- Re-release poster
- Directed by: Dr. Gregorio Fernandez
- Screenplay by: Consuelo P. Osorio
- Story by: Clodualdo del Mundo
- Produced by: Narcisa de León
- Starring: Charito Solis; Leroy Salvador; Vic Silayan; Rey Ruiz; Carlos Padilla Jr.; Vic Diaz; Rebecca Del Rio;
- Cinematography: Mike Accion
- Edited by: Enrique Jarlego
- Music by: Francisco Buencamino Jr.; LVN Symphony Orchestra;
- Production company: LVN Pictures
- Release date: May 19, 1958;
- Running time: 101 minutes
- Country: Philippines
- Language: Filipino

= Malvarosa (film) =

1958 film directed by Gregorio Fernandez

Malvarosa is a 1958 Filipino family melodrama film directed by Dr. Gregorio Fernandez from a screenplay by Consuelo P. Osorio, based on a comic serial of the same name (serialized via Espesyal Komiks) written by Clodualdo del Mundo Sr. The film tells the story of a poverty-stricken nuclear family living on the nearby railroad tracks whose members carry their burdens that need to be resolved. It stars Charito Solis, Vic Silayan, Carlos Padilla Jr., Vic Diaz, Rey Ruiz, and Eddie Rodriguez as the children of Rebecca del Rio's character, Sinforosa, and Leroy Salvador as Candido, Rosa's fiancé.

Produced and released by LVN Pictures, the film was theatrically released on May 19, 1958. In 2019, the film was digitally scanned and restored by ABS-CBN Film Restoration.

== Plot ==
Rosa, a beautiful young woman, lives in the slums at the nearby railroad tracks with her mother and five older brothers. By the time her alcoholic father died in a train accident, her mother Sinforosa felt guilt and depression as she became widowed. A few years later, she is going to marry his fiancé Candido but she has to deal with the problems first that their family faces despite poverty, especially Rosa's brothers who also carry their burdens which makes Rosa stressed to have a solution as well as their confrontations. It would also tell the lives of Melanio, the eldest and an obnoxious womanizer; followed by Alberto, a man with a mean reputation to his family; Leonides, a violent man who became notorious for his crimes throughout the neighborhood; Vedasto, a scheming man whom he persuaded his sister to work with a wealthy man; and lastly, Avelino, a patient and responsible man whom he trusts his sister to eliminate their family's burden. Rosa also witnessed some of the misfortunes that happened in their family.

== Cast ==

- Charito Solis as Rosa
- Vic Silayan as Melanio
- Carlos Padilla Jr. as Alberto
- Vic Diaz as Leonides
- Rey Ruiz as Vedasto
- Eddie Rodriguez as Avelino
- Leroy Salvador as Candido
- Rebecca del Rio as Sinforosa
- Linda Roxas as Miling
- Johnny Reyes as Tony
- Priscilla Ramirez as Aling Ipang
- Ramon Olmos as Damian
- Nita Ramos as Linda
- Caridad Sanchez as Melanio's Woman #1
- Perla Bautista as Melanio's Woman #2

== Production ==
During the shooting of the film, the director and its staff cooperated with the Philippine Constabulary and the Manila Railroad Company for their participation in the important scenes of the film as well as their permission to their facilities and staff.

== Release ==
The film was released on May 19, 1958, at the Dalisay Theatre in Manila, Philippines.

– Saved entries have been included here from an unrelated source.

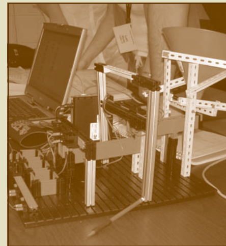
New Palestine's Project Lead the Way, 2005 Grant Recipient

HANCOCK COUNTY EXTENSION HOMEMAKERS ENDOWMENT FUND—established to provide two scholarships - one for a Hancock County resident graduating from a Hancock County high school, and the other to an adult Hancock County resident.
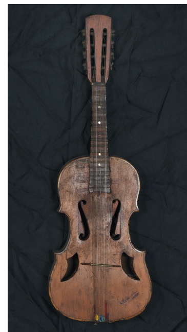
Götz, mandoviolin 1920s
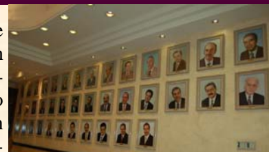
Photos reviving the memory of the members of the Lebanese Association

Tuesday June 30th 3.00 LEB- 00.00GMT- 20.00EST
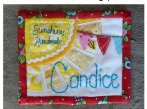
Lightning Bugz on Flickr
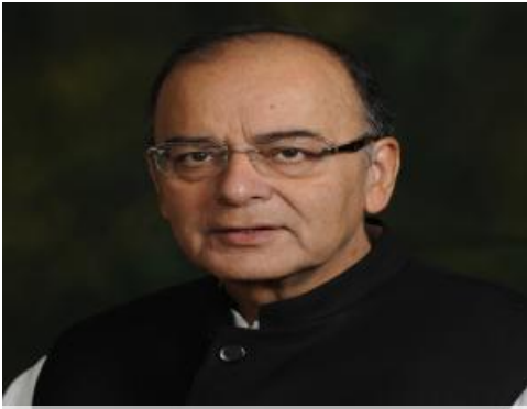
Arun Jaitley Union Minister of Finance
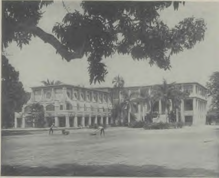
King's House, St. Andrew's Jamaica, British West Indies.
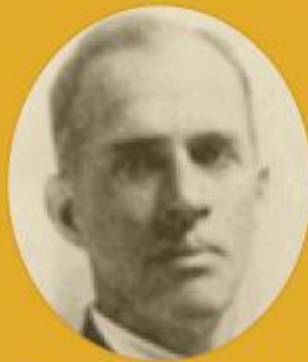
William English Walling

=== Digital restoration ===
The film was restored by ABS-CBN Film Restoration Project, using the equipment of the film archives division. The restoration began with digital scanning of frames in 4K resolution with the use of the 35mm print from the collection of LVN Pictures' library that was stored at the basement of ABS-CBN's corporate headquarters, ELJ Communications Center, in Diliman, Quezon City. After the scanning, it was restored in 2K resolution and took 80 hours to eliminate the image impairments including scratches and unstable images as well as color adjustments to make it very identical to its original brightness and contrast.

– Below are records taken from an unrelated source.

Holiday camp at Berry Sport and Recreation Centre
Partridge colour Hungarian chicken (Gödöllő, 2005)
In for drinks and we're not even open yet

“The restoration of “Malvarosa” and “Biyaya ng Lupa” using ABS-CBN’s own facilities is a milestone that we are proud of,”
— Leo Katigbak, head of ABS-CBN Film Restoration, QCinema International Film Festival; October 17, 2019

The digitally scanned and restored 4K version was premiered on October 17, 2019, at the Gateway Mall - Cinema 7 as part of the QCinema International Film Festival 2019. It was attended by Caridad Sanchez and the representatives of the film's cast and crew including screenwriter Clodualdo "Doy" del Mundo Jr. (representing his father), actor Rap Fernandez (representing his grandfather), Jesus Hofileña (representing Vic Silayan), and actress-singer Zsa Zsa Padilla and her daughter Zia Quizon (representing their father and grandfather, respectively).